The Antigen-Binding Domain

In the iCCAR, the antigen binding domain is a scFv derived from a mAb engineered with specificity for a signature epitope within the sequence of mutant protein expressed in malignant cells of a given phenotype. Initially the plan called for sequencing to be carried out on malignant tissue from each individual as the method of identifying the scFv ligand, thus requiring the engineering of a novel mAb for every application.

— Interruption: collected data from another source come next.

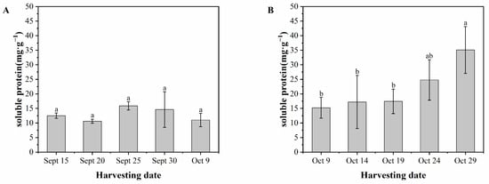 Figure 8A indicates that there was no significant difference in the soluble protein content of ‘Pawnee’ fruits during the harvest period. The mean values of soluble protein content for the five harvest dates from September 15 to October 9 were 12.53 mg·g−1, 10.62 mg·g−1, 15.89 mg·g−1, 14.62 mg·g−1, and 11.01 mg·g−1, respectively. Figure 8B shows that the soluble protein content of ‘Wichita’ fruits increased over time. The content remained stable from October 9 to October 19 and then significantly increased from October 19 to October 29. The lowest soluble protein content was 15.23 mg·g−1 on October 9, while the highest was 35.08 mg·g−1 on October 29. Overall, ‘Wichita’ fruits had higher soluble protein content than ‘Pawnee’ fruits.
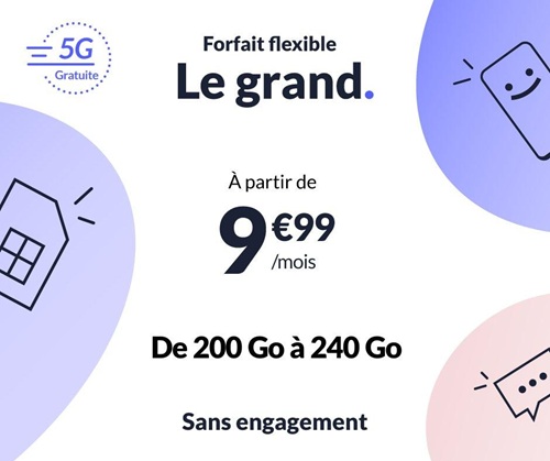 ❗ Prixtel, forfait 5G illimité/de 300Go à 340Go dès 10€/mois🔖 B&You, forfait illimité/80Go à 8€/mois (1 an)🔥 Auchan Telecom, forfait illimité/60Go à 5€/mois🔥 Prixtel, forfait 5G illimité/de 40Go à 80Go dès 6€/mois🔖 Prixtel, forfait 5G illimité/de 200Go à 240Go dès 10€/mois🔥 Syma Mobile, forfait illimité/120Go à 7€/mois🔥 Syma Mobile, forfait 5G illimité/200Go à 9€/mois🔖 Syma Mobile, forfait illimité/40Go à 6€/mois🌍 B&You, forfait 5G Voyage 250Go à 17€/mois🔥 Youprice (Orange), forfait 5G illimité/180Go à 9€/mois🔥 Youprice (Orange), forfait 5G illimité/250Go à 11€/mois🔖 Auchan Telecom, forfait 5G illimité/180Go à 9€/mois🔥 Auchan Telecom, forfait illimité/120Go à 7€/mois🇨🇭 Red by SFR, forfait illimité/1Go + 20Go en Suisse à 7€/mois🔥 CDiscount Mobile, forfait 5G illimité/300Go à 13€/mois🔖 NRJ Mobile, forfait illimité/20Go à 5,50€/mois🔖 Youprice (SFR), forfait illimité/150Go à 8€/mois🔖 Youprice (Bouygues), forfait illimité/50Go à 7€/mois🔥 La Poste Mobile, forfait 5G illimité/200Go à 7,5€/mois (6 mois)🔥 La Poste Mobile, forfait 5G illimité/300Go à 10€/mois (6 mois)🔥 La Poste Mobile, forfait 5G illimité/130Go à 5,50€/mois (6 mois)🔖 Free mobile, forfait 5G illimité/110Go à 9€/mois (1 an)🔖 Red by SFR, forfait 5G illimité/80Go à 8€/mois🔖 Sosh, forfait illimité/100Go à 10€/mois🔖 B&You, forfait 5G illimité/120Go à 12€/mois🔥 CDiscount Mobile, forfait 5G illimité/200Go à 10€/mois🔖 Youprice (Bouygues), forfait illimité/100Go à 10€/mois🔖 Youprice (Bouygues), forfait illimité/200Go à 13€/mois🔖 CDiscount Mobile, forfait illimité/1Go à 2€/mois🔖 Red by SFR, forfait 5G illimité/250Go à 13€/mois🔖 Auchan Telecom, forfait 5G illimité/300Go à 13€/mois🔥 Coriolis Telecom, forfait illimité/120Go à 7€/mois🔥 Prixtel, forfait 5G illimité/de 150Go à 190Go dès 8€/mois🔖 Coriolis Telecom, forfait 5G illimité/200Go à 10€/mois🔖 Réglo Mobile, forfait 5G illimité/200Go 10€/mois🔖 Youprice (SFR), forfait 5G illimité/200Go à 9€/mois🔥 Lebara Mobile, forfait 5G illimité/250Go à 9€/mois🔥 Lebara Mobile, forfait illimité/50Go à 6€/mois🔖 NRJ Mobile, forfait 5G illimité/200Go à 12,5€/mois🔖 Coriolis Telecom, forfait 5G illimité/350Go à 15€/mois🔥 NRJ Mobile, forfait illimité/100Mo à 1,5€/mois🔖 Sosh, forfait illimité/5Go à 6€/mois🕵️ NRJ Mobile, forfait 5G illimité/150Go à 7,49€/mois🔥 NRJ Mobile, forfait 5G illimité à 17,49€/mois🔥 Red-by-SFR, forfait illimité/1Go à 2€/mois🌍 (clients) SFR, forfait Voyage 5G+ illimité/250Go à 22€/mois🔗 (clients) Free, forfait illimité/5Go à 4€/mois🔖 Prixtel, forfait 5G illimité/de 300Go à 340Go dès 13€/mois🔖 Syma Mobile, forfait 5G illimité/300Go à 13€/mois🔖 Réglo Mobile, forfait 5G illimité/300Go à 13€/mois🔖 Réglo Mobile, forfait illimité/20Go à 6€/mois🌍 B&You, forfait 5G Voyage 300Go à 20€/mois🌍 Sosh, forfait 5G Voyage 200Go à 16€/mois🔖 CDiscount Mobile, forfait illimité/10Go à 5€/mois🔖 Red by SFR, forfait illimité/10Go à 6€/mois🔥 Youprice (SFR), forfait illimité/40Go à 5€/mois🕵️ CDiscount Mobile, forfait illimité/20Go à 5€/mois🔖 B&You, forfait illimité/5Go à 6€/mois🔥 Youprice (Orange), forfait illimité/40Go à 7€/mois🕵️ CDiscount Mobile, forfait 5G illimité/160Go à 9€/mois🔖 Sosh, forfait 5G illimité/300Go à 21€/mois🔖 B&You, forfait 5G illimité/200Go à 14€/mois🔖 (18-26 ans) Orange, forfait 5G illimité/120Go à 15€/mois🔖 Sosh, forfait bloqué 2h/1Go à 2€/mois🔗 (clients) Orange, forfait 5G illimité/20Go à 11€/mois🔖 Auchan Telecom, illimité/1Go à 2€/mois (sans limite)🔖 Free Mobile, forfait 5G illimité/350Go à 19,99€🔗 (-18 ans) Orange, forfait ado illimité/5Go à 6€/mois🔗 (clients) Free, forfait 5G tout illimité à 10€/mois🔖 B-and-You, forfait 2H/1Go à 2€/mois🔥 Lebara Mobile, forfait 5G illimité/350Go à 12€/mois🔗 (clients) Free, illimité/1Go à 0€/mois (sans limite)🔖 Free mobile, forfait illimité/1Go à 2€/mois🔖 Source Mobile, illimité/80Go à 10€/mois (sans limite)🌍 Red by SFR, forfait Voyage 5G illimité/350Go à 20€/mois🔗 (clients) SFR, forfait 5G illimité/200Go à 15€/mois 76 forfaits trouvés Tri-2 Trier le contenutri par quantité de Go décroissantetri du - cher au + chertri par date de publication Prix (€/mois) Prix (€/mois) réinitialiser Données (Go) Données (Go) réinitialiser Nos préférés Nos préférés 🔥 Bon choix (29) 5G 5G oui (43)option (8) Réseau Réseau Bouygues (30)SFR (29)Orange (11)Free (6) Itinérance Itinérance ItinéranceAucun🇲🇨 Monaco (47)🇦🇩 Andorre (16)🇨🇭 Suisse (11)🇩🇿 Algérie (8)🇹🇳 Tunisie (8)🇸🇳 Sénégal (7)🇹🇷 Turquie (7)🇲🇦 Maroc (6)🇨🇮 Côte d'Ivoire (5)🇨🇲 Cameroun (5) eSIM eSIM oui Durée tarif promotionnel Durée tarif promotionnel sans limite (71)6 mois (3)12 mois (2) Search Rechercher Effacer Appels vers l'international Appels vers l'international oui (11) Frais SIM + résil. Frais SIM + résil. 0105679+ Afficher 3 plus réinitialiser Existe aussi en application Meilleur Forfait Mobile Comparez aussi les box internet fibre ou 4G/5G
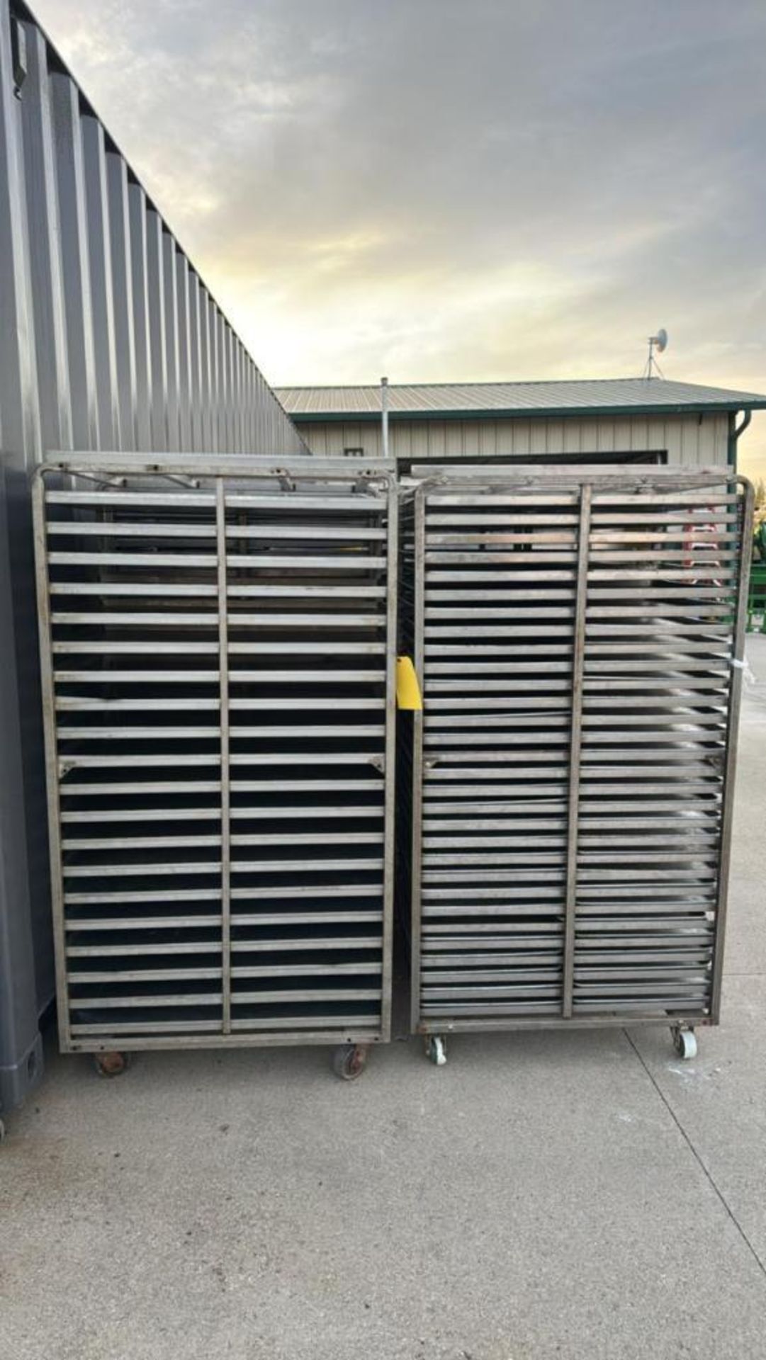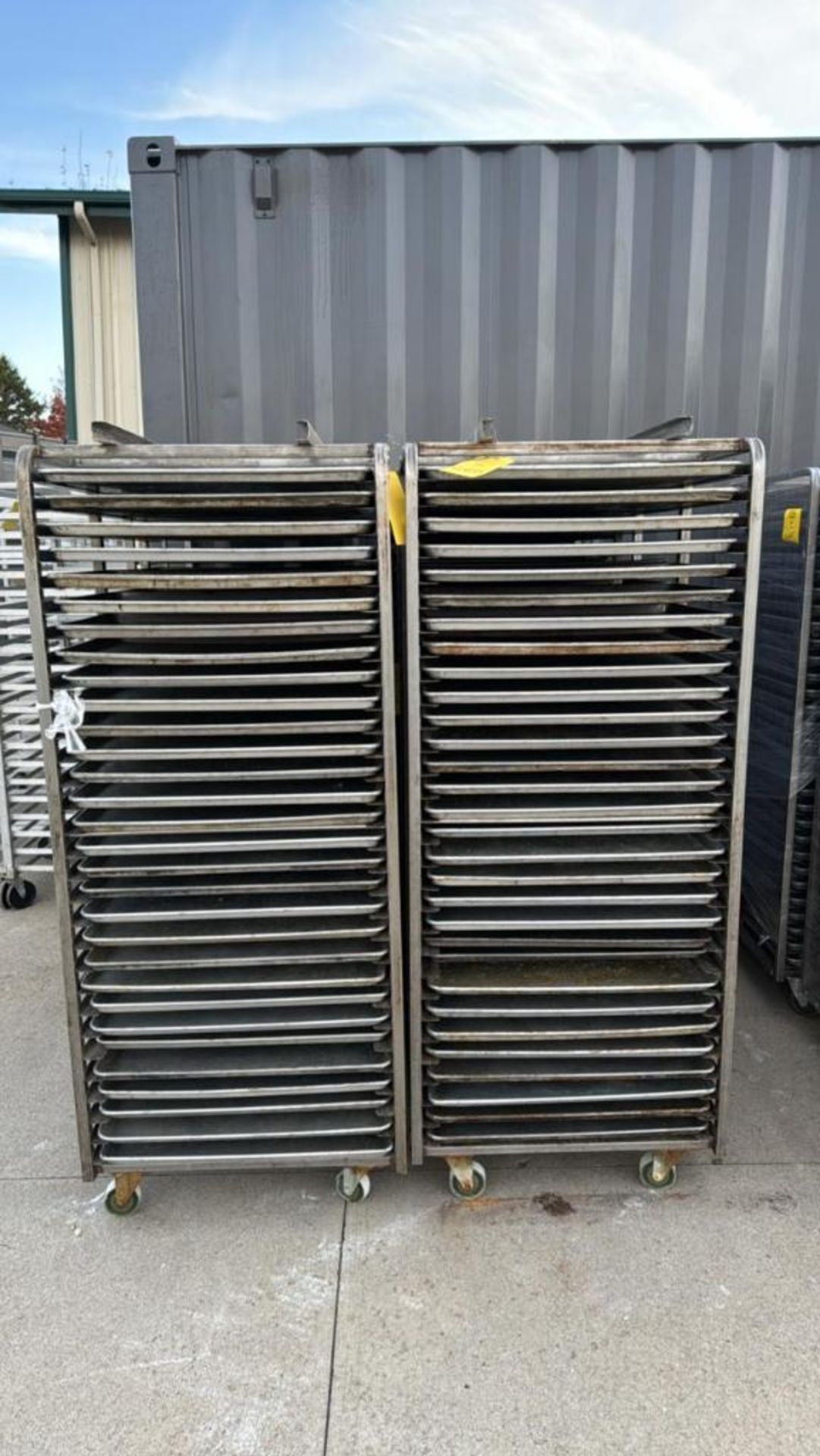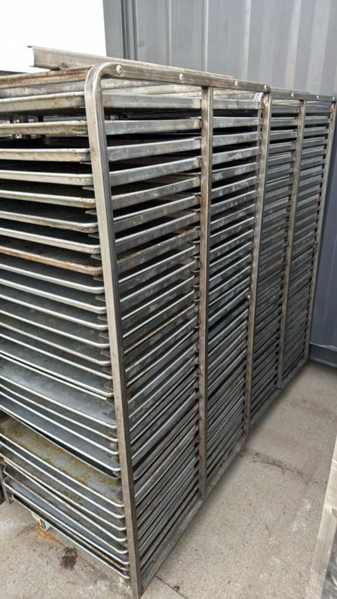 STAINLESS STEEL BAKERY RACKS. 36″ x 28.5″ x 69″ with 30 shelves spaced 2″ apart. Set up for (2) 26″ x 18″ sheet pans per shelf. Includes a mixture of standard and perforated sheet pans.

However, with regard to oncogenes, the research suggests it isn’t the function of the protein product that is necessarily altered in an oncogenic mutation, but rather a change in transcription regulation, a substantial decrease in the ubiquitination-proteasome turnover rate, or its active state changing from induced to constitutive that is the actual driver of oncogenesis (8) (9). From this is seems plausible that the mutations should involve only a few sequence substitutions given that the protein itself is left functionally intact. Whether these “hotspots” arise from Single Nucleotide Polymorphisms or consistently aligned translocations, it appears that there may be epitopes that are common across cancer types. This may leave only one major question; whether or not a sufficient level of specificity is achievable to ensure off-target toxicity is not a probable outcome. The fact that it has been reported that amino acids with charged side chains can influence specificity by 1,000 fold may hold the answer, but at the very least may help focus the search (10).

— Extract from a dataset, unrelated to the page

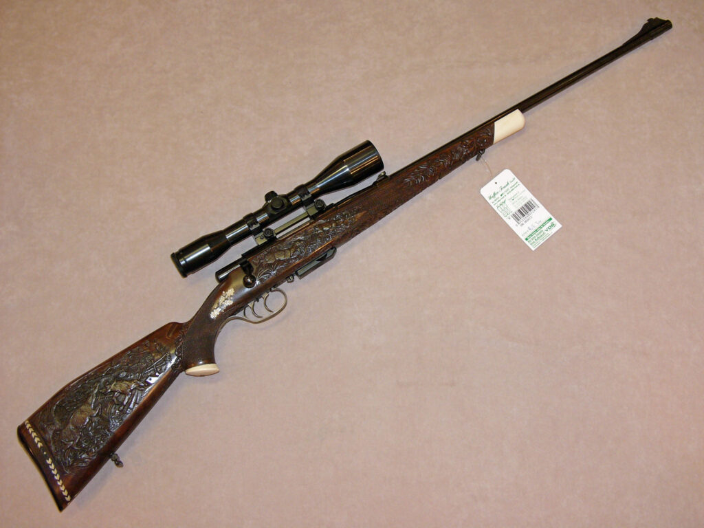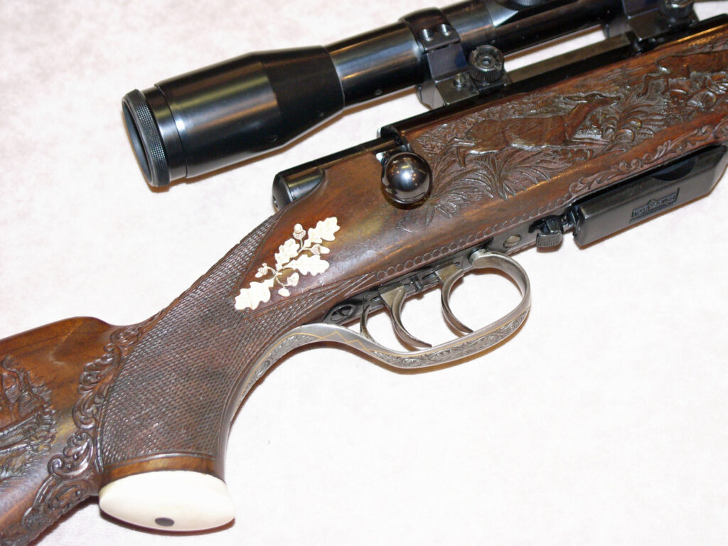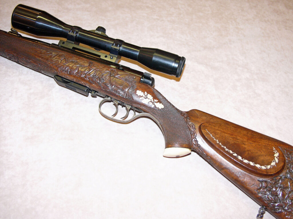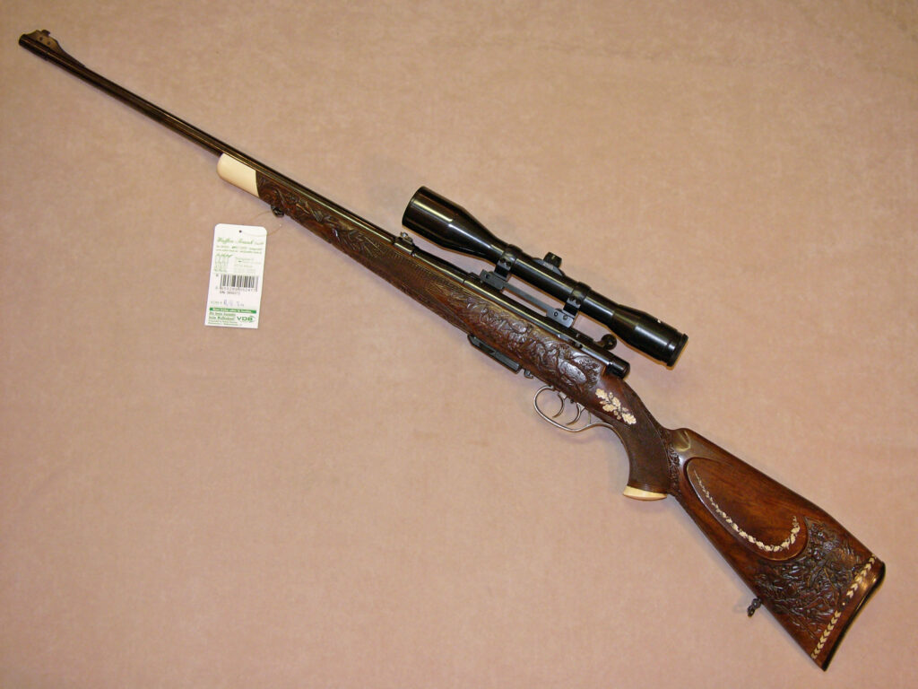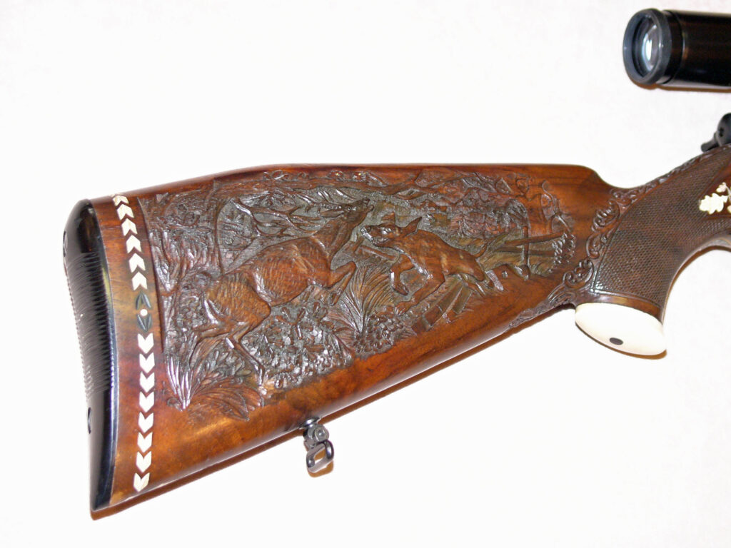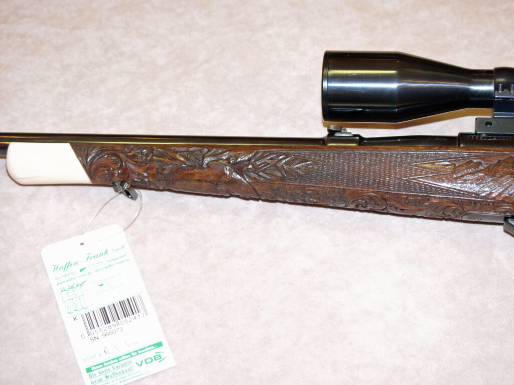 herausnehmbares 3-Schuss-Magazin, deutscher Stecher, Aufschubmontage mit ZF Schmidt & Bender / Alljagd 6×42 / Stahl Absehen 4, Schaft mit reichhaltiger, flächendeckender Schaftverschneidung mit Tier- und Jagdmotiven, Pistolengriff und Vorderschaftabschluss aus Elfenbein, ebenso hochwertige Schafteinlage in Elfenbein, grau gebeizter Abzugsbügel mit Gravur und Goldrauteneinlage……. für den Liebhaber exklusiver Waffen………

Further, although malignancies may involve a large number of mutated genes, it is becoming clear that there are a relative few that are critical for survival and of those some have an active role while others passive. That is, certain mutated genes encode products that drive oncogenesis and thus are required for survival and growth while others that are not. This phenomenon referred to as “Oncogene Addiction” reveals that though there may be many mutant genes in a malignant cell’s genome, the targeting of the product of just one can lead to its death. There have been many cases in humans and animals where this has been successfully demonstrated (8).

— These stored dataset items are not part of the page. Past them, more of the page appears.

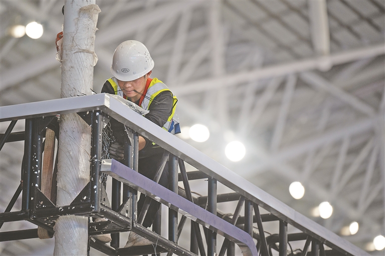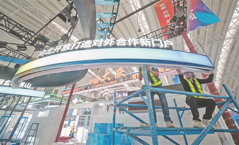 5月14日,距離哈洽會開幕還有三天時間,記者來到第34屆哈洽會展館施工現(xiàn)場,各區(qū)域展臺已搭建成型,施工工人們正在有條不紊地裝飾展區(qū)細(xì)節(jié)部分。
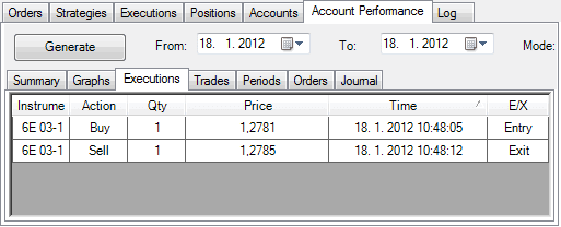 Trh nakoniec jednu bezpečnú príležitosť na nákup pri malom riziku poskytol a exekuovali sme obchod podľa zásad nášho obchodného systému EURUSD @ 1,2781 long o 10:49.Obchod sa vyvíjal absolútne skvele až na to, že zo 6-tich kontraktov na limitnej objednávke trh vyplnil len 1 kontrakt a zvyšných 5 kontraktov mi do trhu nenabralo a tak celý zisk bol dosiahnutý iba na tom 1 vyplnenom kontrakte.
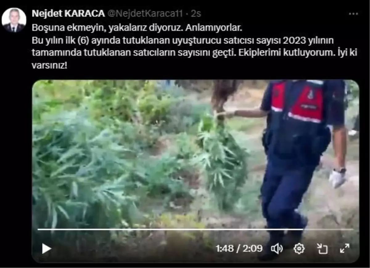 İl Jandarma Komutanı Nejdet Karaca’nın yaptığı paylaşımda, “Boşuna ekmeyin, yakalarız diyoruz. Anlamıyorlar. Bu yılın ilk 6 ayında tutuklanan uyuşturucu satıcısı sayısı 2023 yılının tamamında tutuklanan satıcıların sayısını geçti. Ekiplerimi kutluyorum. İyi ki varsınız” ifadeleri yer aldı. – SAKARYA
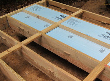 Шаг четвертый. Уложите пенополистироловые плиты внахлест (современные изделия позволяют сделать это – торцевые части в них имеют специальные вырезы).

Given this, it may be possible for single mAb to be engineered with high affinity for an epitope contained in an oncogene product whose sequence is conserved. The protein kinases commonly investigated in targeted cancer therapies, though, may not be suitable candidates because neither tyrosine nor threonine nor serine has charged side chains; however there appears to be other candidates.

There actually may actually be many others with c-Myc looking like a good place to start. It is considered to be a primary proto oncogene with one study implicating the oncogene in approximately 70,000 cancer deaths per year in the U.S. (This figure may actually turn out to be a very low estimate given that the data was from 1995 and the number of data sets available for analysis has increased exponentially since then). (11)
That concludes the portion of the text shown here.